Segment Start: Excerpted records

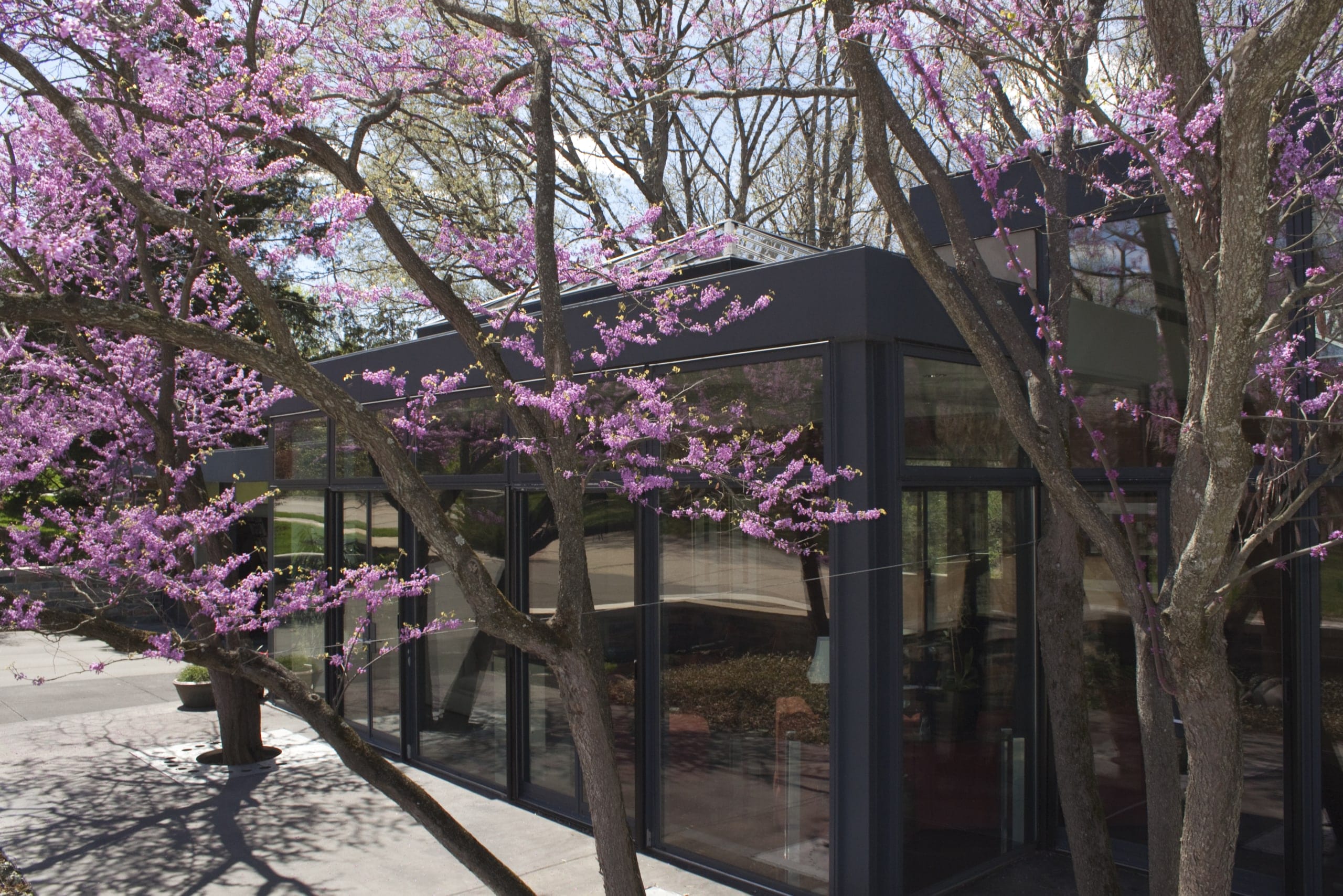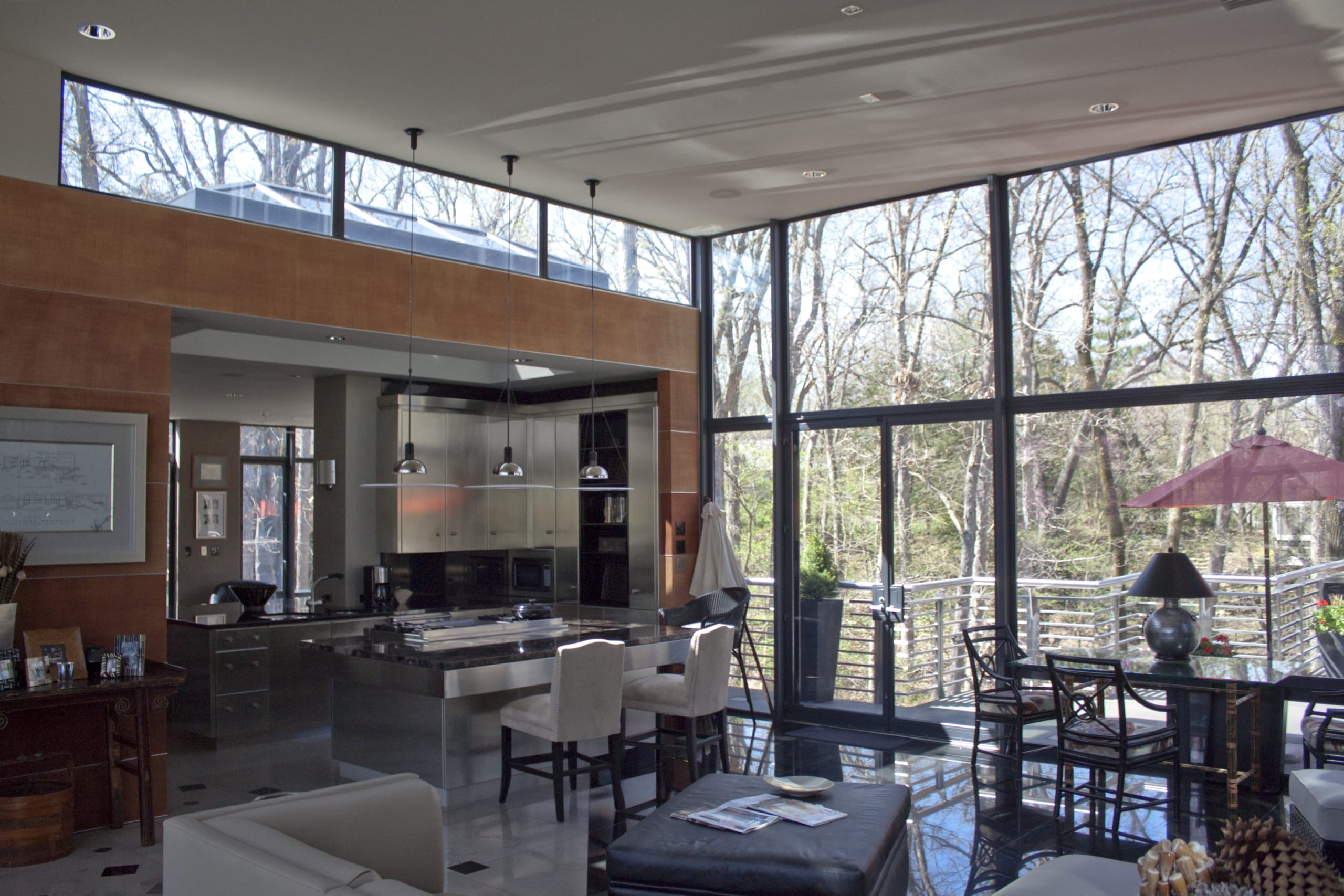 The building started off as a renovation, but the design transformation was fairly radical. The living and dining rooms open up to the front terrace with redbud trees which rise through custom, stainless-steel tree grates.
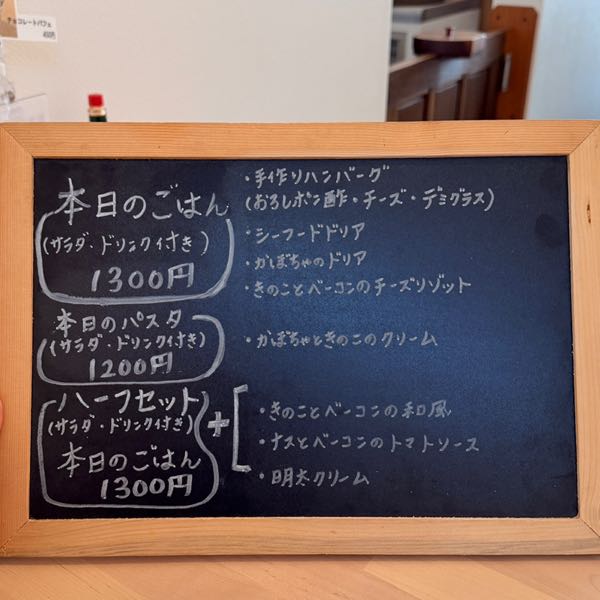 その日の内容はお冷やと一緒に運ばれてくる黒板でチェックします。
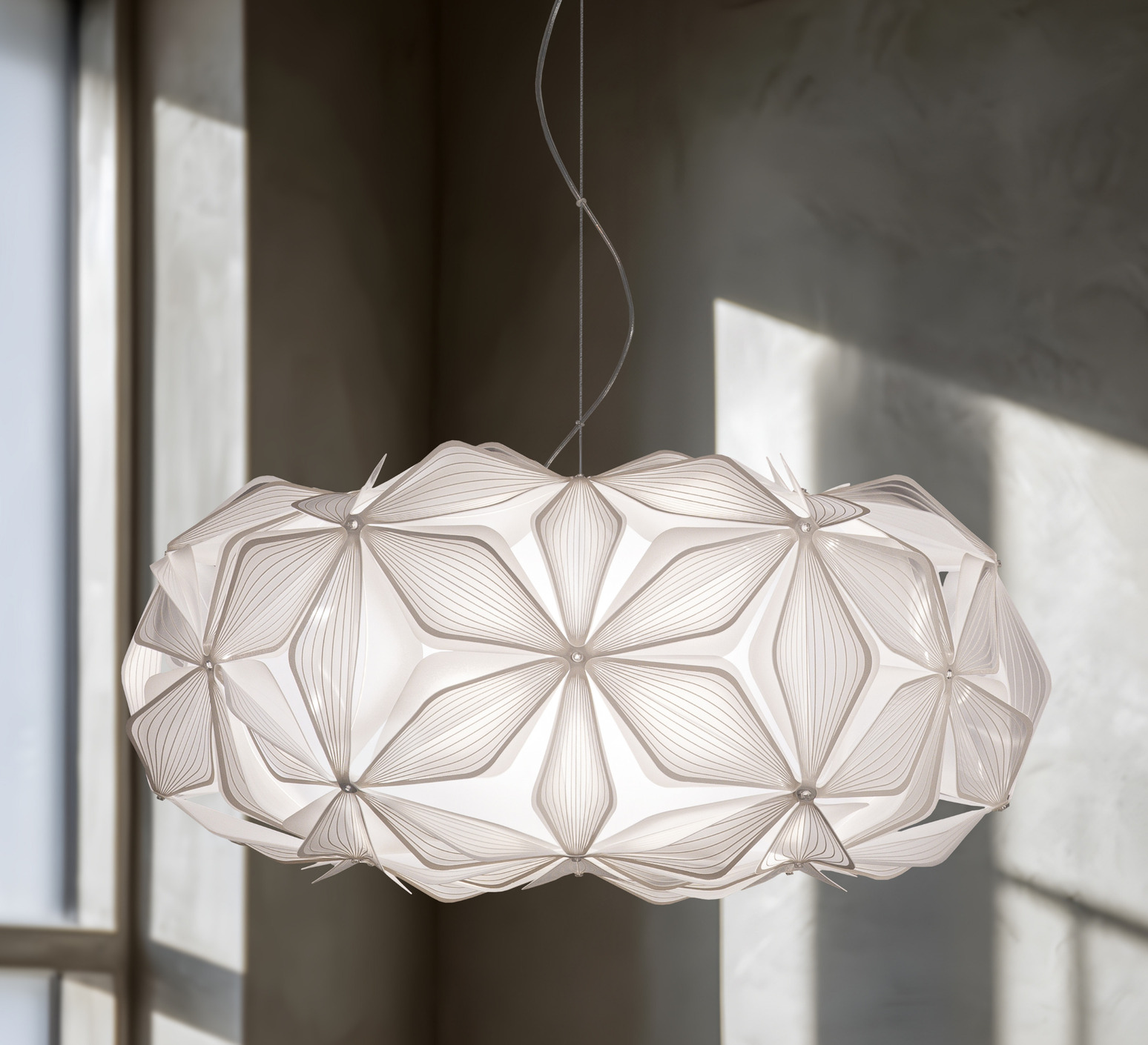 Sa silhouette sphérique de Ø 53 cm x H 26 cm, associée au blanc profond et au câble transparent de 1,4 m, crée un volume visuel structurant tout en restant aérien. Les pétales sérigraphiés déploient un jeu de textures qui capte la lumière et transforme l’espace. Installée au-dessus d’une table, dans un salon, un hall ou un environnement professionnel, elle devient un point focal clair et équilibré, parfaitement adaptée aux intérieurs contemporains et épurés.
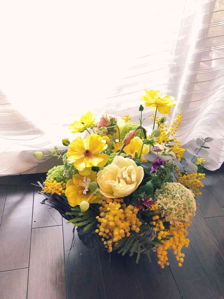 私にとって春といえば黄色。子供の頃、近所の空き地に咲いていた菜の花にタンポポのイメージがいまだに強い。ミモザとは出会って20年くらいになります。当時は花粉症になりそうとお客様からよく言われてました。今や春を告げる人気者✨
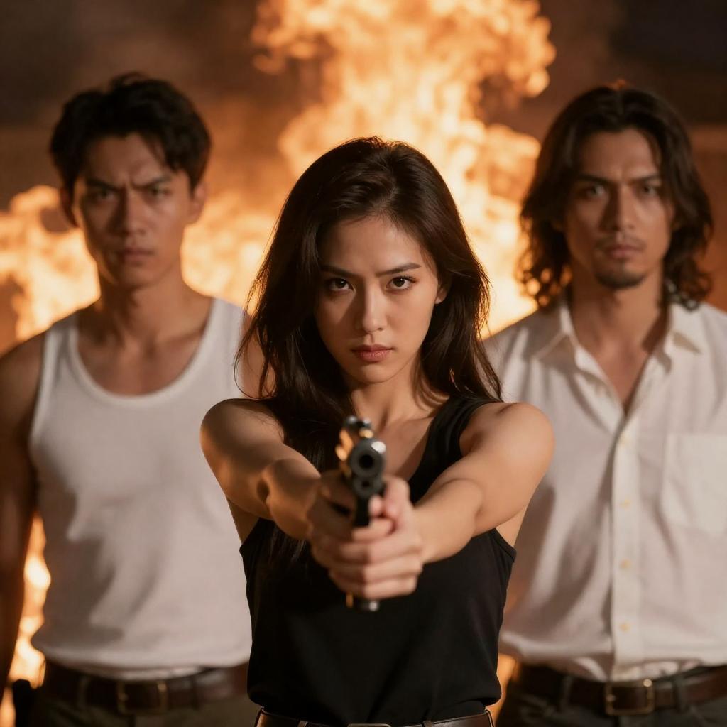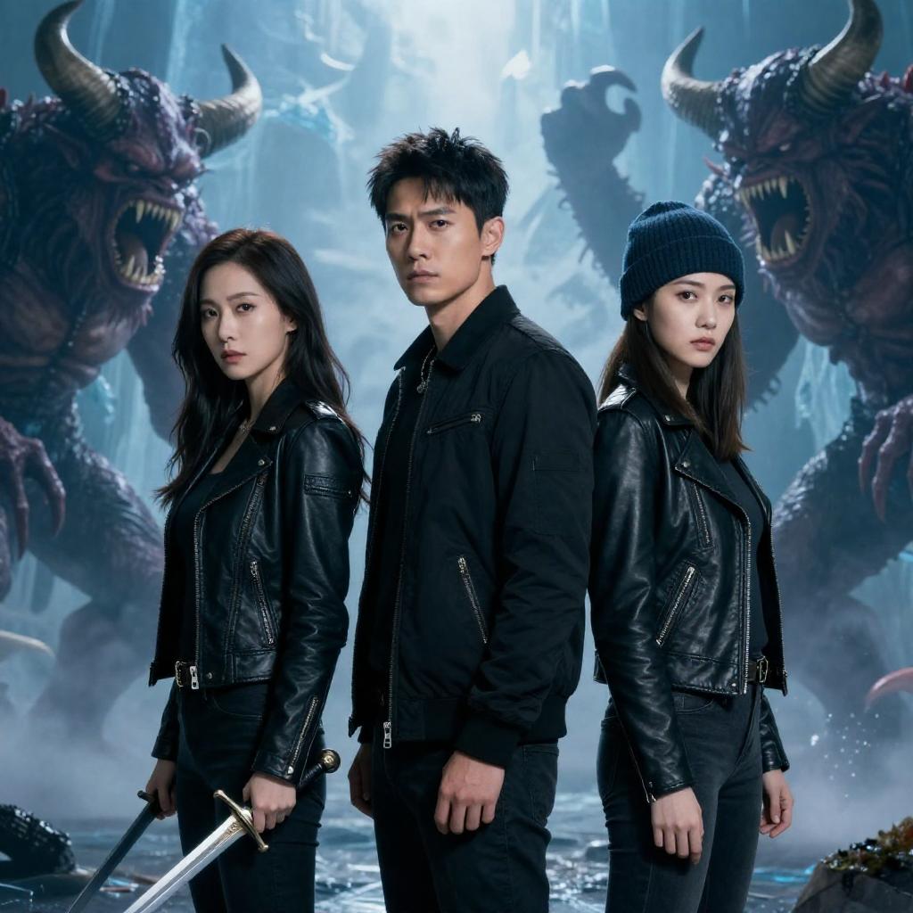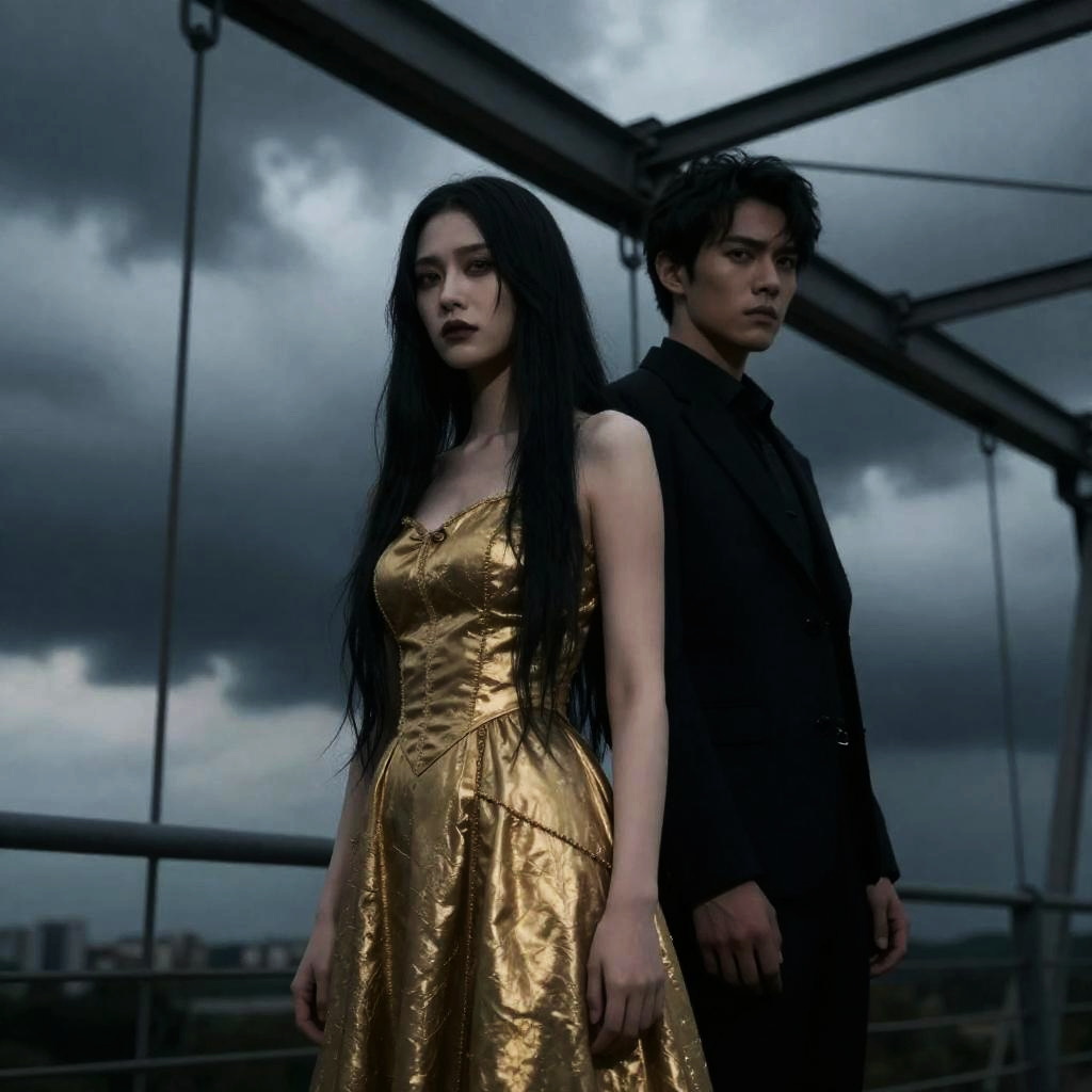 Photograph of an Asian woman and a man kneeling on a sandy floor in a dimly lit indoor setting. The woman wears dark brown leather armor with matching pants and arm guards, featuring long black hair and visible tattoos on her left arm. The man is dressed in a black leather jacket over a black shirt and dark pants, both with serious expressions. The background includes wooden chairs and a small table, suggesting a rustic or medieval-style room.
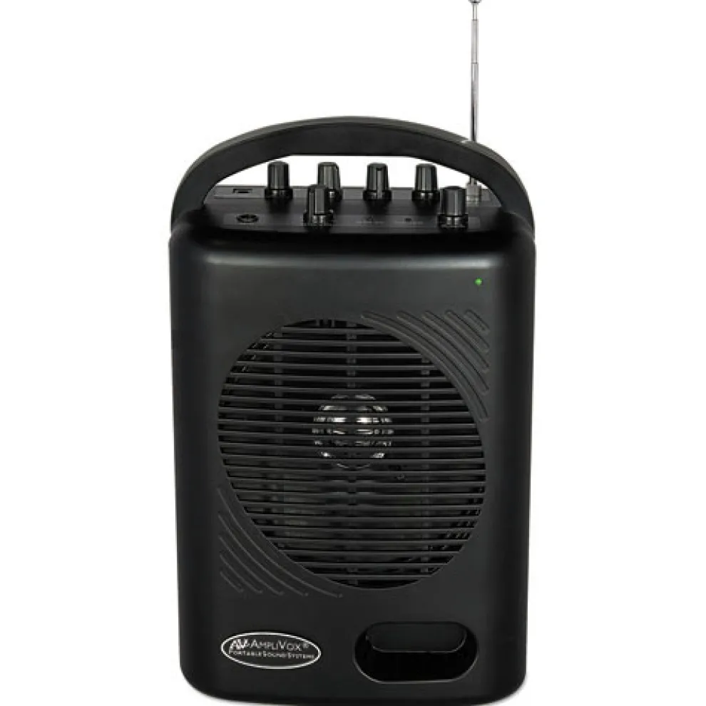 This PA system packs 50 watts of power into a unit weighing less than six pounds, reaching an audience size of 300 people with crystal clear sound. The wireless microphone has a range that allows the presenter to stand up to 100 feet away from the PA system while speaking. Built-in single channel VHF receiver in the unit allows for only one wireless microphone to be used at a time. An optional wired microphone can be plugged into the Power Pod PA to allow for dual presenters, with one presenter speaking from the wired microphone and the second presenter speaking from the wireless microphone. Loaded with a media player that gives you the ability to play recorded audio from a SD card or a USB thumb drive and includes FM radio with remote control. You can even record a presenter’s speech that is spoken into the microphone onto the thumb drive. The media player and FM radio is accessible by either using the control panel on the unit or the remote control. The unit runs up to eight hours off its internal rechargeable battery. A full set of controls include wired mic input with wired microphone volume, wireless microphone volume, wireless antenna, echo effect, auxiliary volume, tone control, MP3/FM volume and recharging connect.
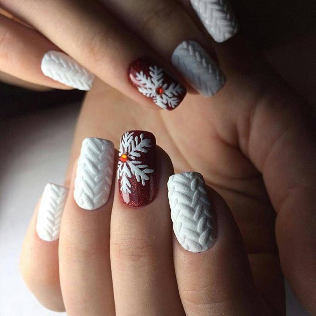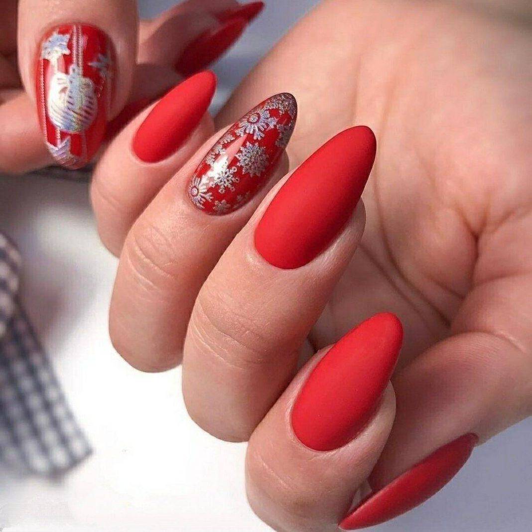 Зимой шикарно будет смотреться маникюр на фото ниже, сложный по выполнению и сочетающий в себе несколько техник. Основные пластинки покрыты глянцевым алым лаком, декор остальных различен.
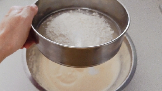 ④に、薄力粉・ベーキングパウダーをふるいにかけながら加えていきます。- 6
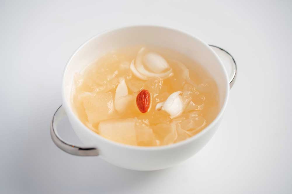 甜品部分延续广式甜汤与焗品的柔和气韵。「南瓜牛奶炖蛋」细腻香滑,「海底椰杏仁糖水」甜润清心;「焗紫薯西米布丁」温润软糯,「百合雪梨银耳羹」润泽甘甜,为整场广味旅程画上圆满句点。
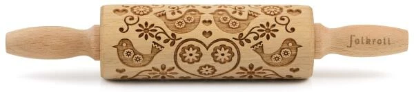Folkroll Teigrolle Folk Tauben. Mehr als das klassische Nudelholz, nämlich eine Teigrolle mit tollen Mustern und Motiven in 3D-Optik. In 2 Größen erhältlich.
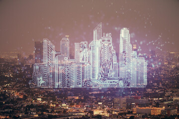 Double exposure of buildings hologram over cityscape background. Concept of smart city.
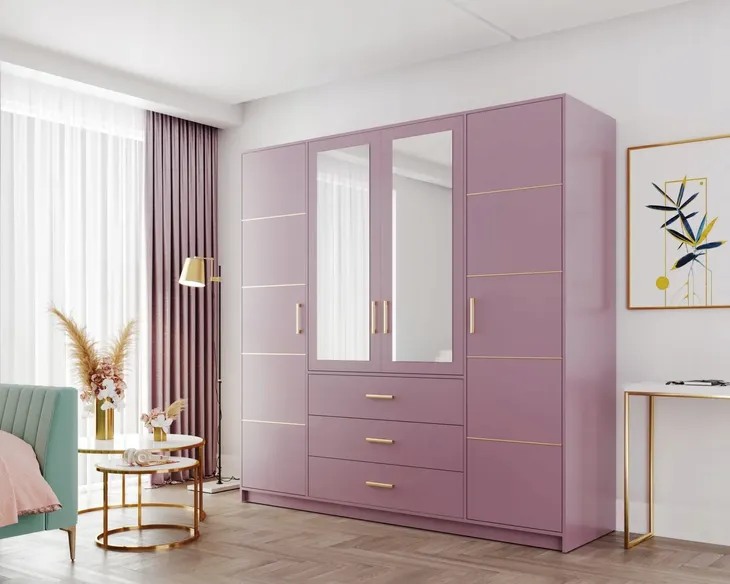 Szafa BALI II D4 idealnie sprawdzi się w salonie, przedpokoju oraz sypialni o klasycznym czy nowoczesnym wnętrzu. Jej niestandardowakolorystyka oraz złote elementy wykończenia zwrócą uwagę każdego.
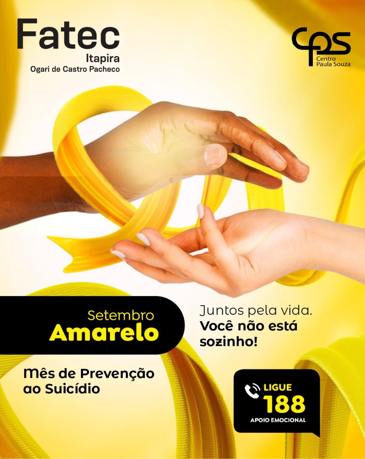 Juntos pela vida! Lembre-se: você não está sozinho. Sempre há alguém para ouvir e apoiar. #SetembroAmarelo#ValorizeAVida#ConexãoQueCuida #FatecItapira
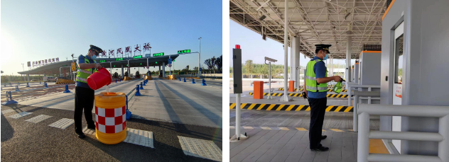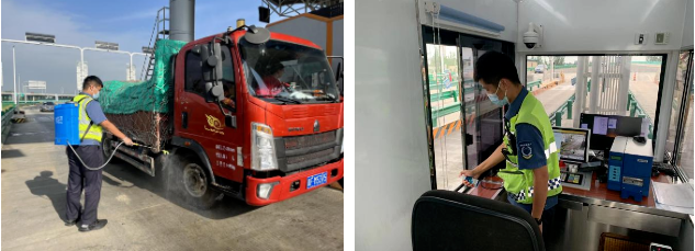 收費(fèi)員加固防撞桶并對(duì)工作現(xiàn)場(chǎng)進(jìn)行消殺

Segment End: Excerpted records

## Your goal
Reproduce, without alteration and without pictures, only those lines that lie between the first line of the entries above and the line containing "私にとって春といえば黄色。子", both of them included.

## Task output
 The building started off as a renovation, but the design transformation was fairly radical. The living and dining rooms open up to the front terrace with redbud trees which rise through custom, stainless-steel tree grates.
 その日の内容はお冷やと一緒に運ばれてくる黒板でチェックします。
 Sa silhouette sphérique de Ø 53 cm x H 26 cm, associée au blanc profond et au câble transparent de 1,4 m, crée un volume visuel structurant tout en restant aérien. Les pétales sérigraphiés déploient un jeu de textures qui capte la lumière et transforme l’espace. Installée au-dessus d’une table, dans un salon, un hall ou un environnement professionnel, elle devient un point focal clair et équilibré, parfaitement adaptée aux intérieurs contemporains et épurés.
 私にとって春といえば黄色。子供の頃、近所の空き地に咲いていた菜の花にタンポポのイメージがいまだに強い。ミモザとは出会って20年くらいになります。当時は花粉症になりそうとお客様からよく言われてました。今や春を告げる人気者✨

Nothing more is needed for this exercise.